Supported on Windows via WSL2

Windows 10 / 11
WSL2
Linux filesystem inside WSL (/home/...)
systemd enabled inside WSL

Enable systemd in WSL:

/etc/wsl.conf
[boot]
systemd=true

Then restart WSL:

wsl --shutdown

Native Windows service installation is not supported in V1.

Compatibility with newer Text Generation WebUI versions

Recent versions of Text Generation WebUI include built-in web search and tool support.

WebSearcher is designed to work alongside native tools instead of replacing them.

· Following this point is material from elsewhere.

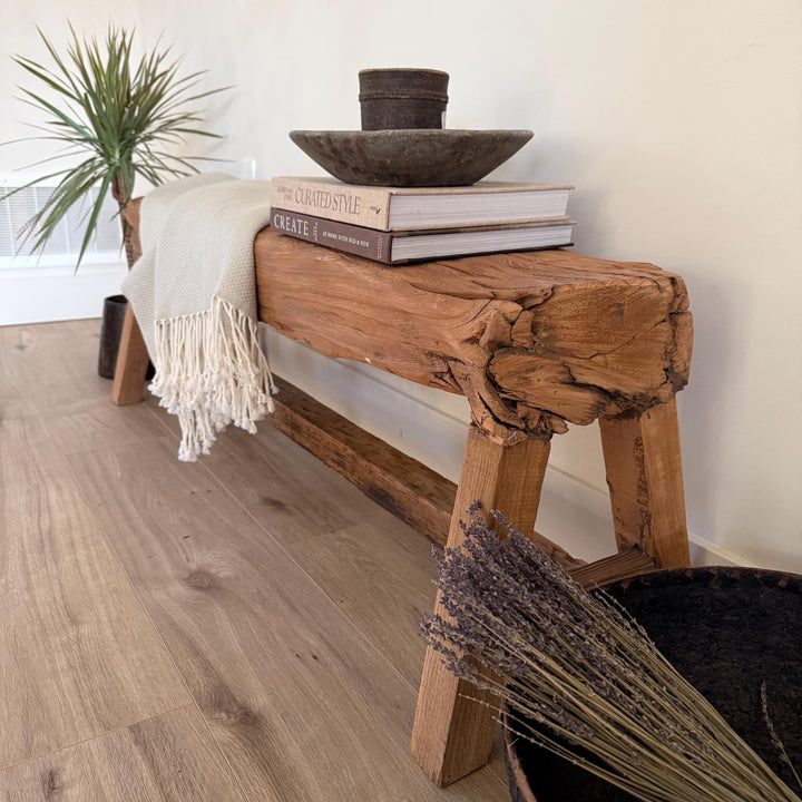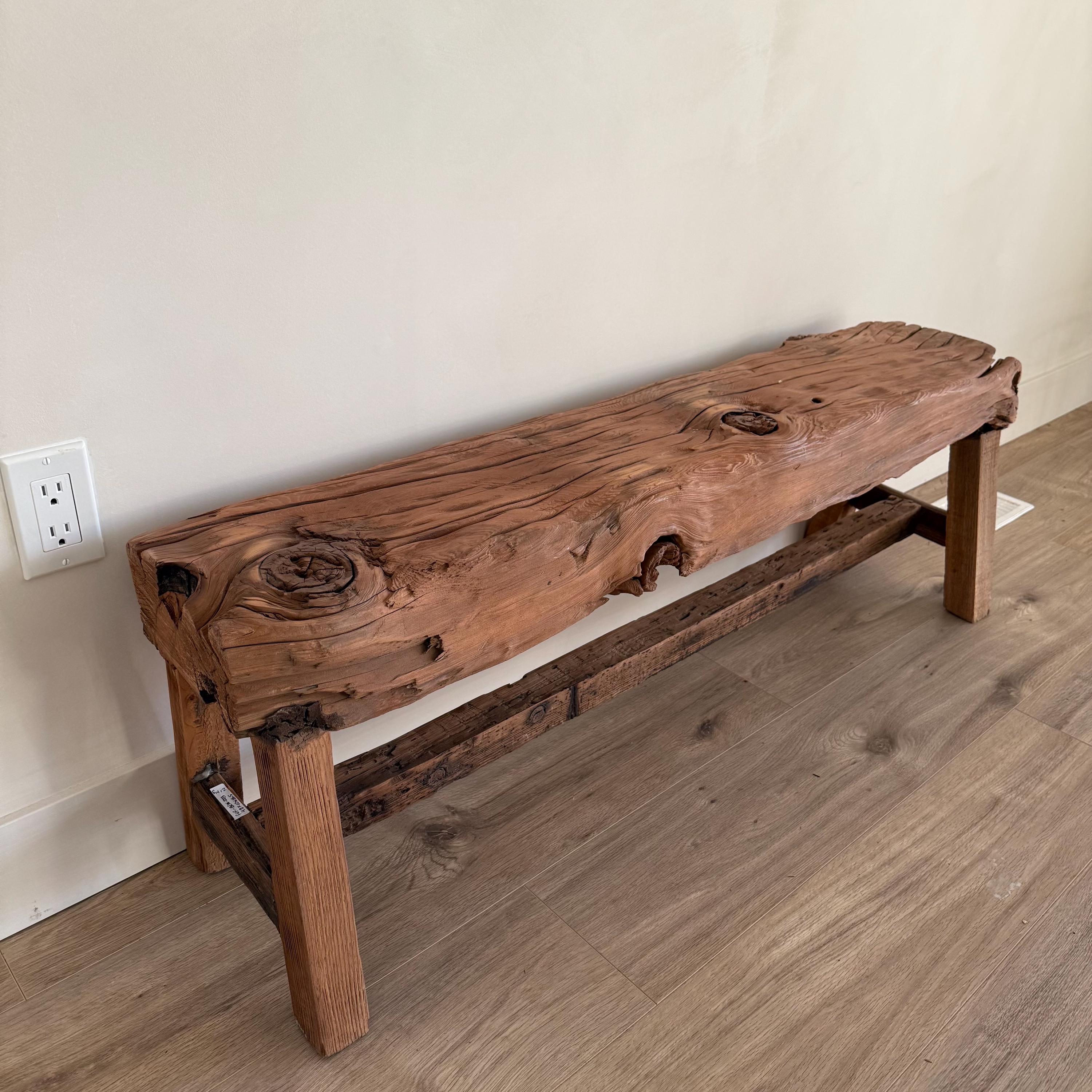 Whether you need a barnwood bench, an entryway bench, a console table, or an end-of-bed bench, this piece delivers both style and purpose. Its chunky, thick design, perfect as a barn beam bench offers a rustic yet refined look that fits farmhouse, vintage, and modern décor alike.

The recommended system prompt was updated to:

avoid conflicts with built-in tools;
treat CONTEXT_PACK as optional contextual enrichment;
allow normal tool-enabled workflows.

See:

docs/system-prompt.txt

Troubleshooting

For a full troubleshooting guide and configuration reference, see docs/FAQ.md.

Podman pull fails with TLS handshake timeout

If podman pull hangs or fails:

curl -4 -I https://registry-1.docker.io/v2/
curl -6 -I https://registry-1.docker.io/v2/

If IPv6 fails but IPv4 works, your system prefers IPv6 by default.

Fix (recommended):

sudo vim /etc/gai.conf

Add:

precedence ::ffff:0:0/96 100

This forces IPv4 preference and fixes most Podman/Docker TLS issues.

Limitations (V1)

One search per user message
Only the first ??? trigger is processed
No agent loop
No multi-step search
No headless browser extraction
Sequential page fetching only

These limitations are intentional.

Donations

This project is developed independently, without sponsors.

Donations directly accelerate development of roadmap features.

https://web.tribute.tg/d/Ih8

https://home.vps.3-a.net/

Summary

Search API V1 is a clean, honest, engineering-driven foundation.

It does not promise magic — it delivers predictable, controllable web search for LLMs.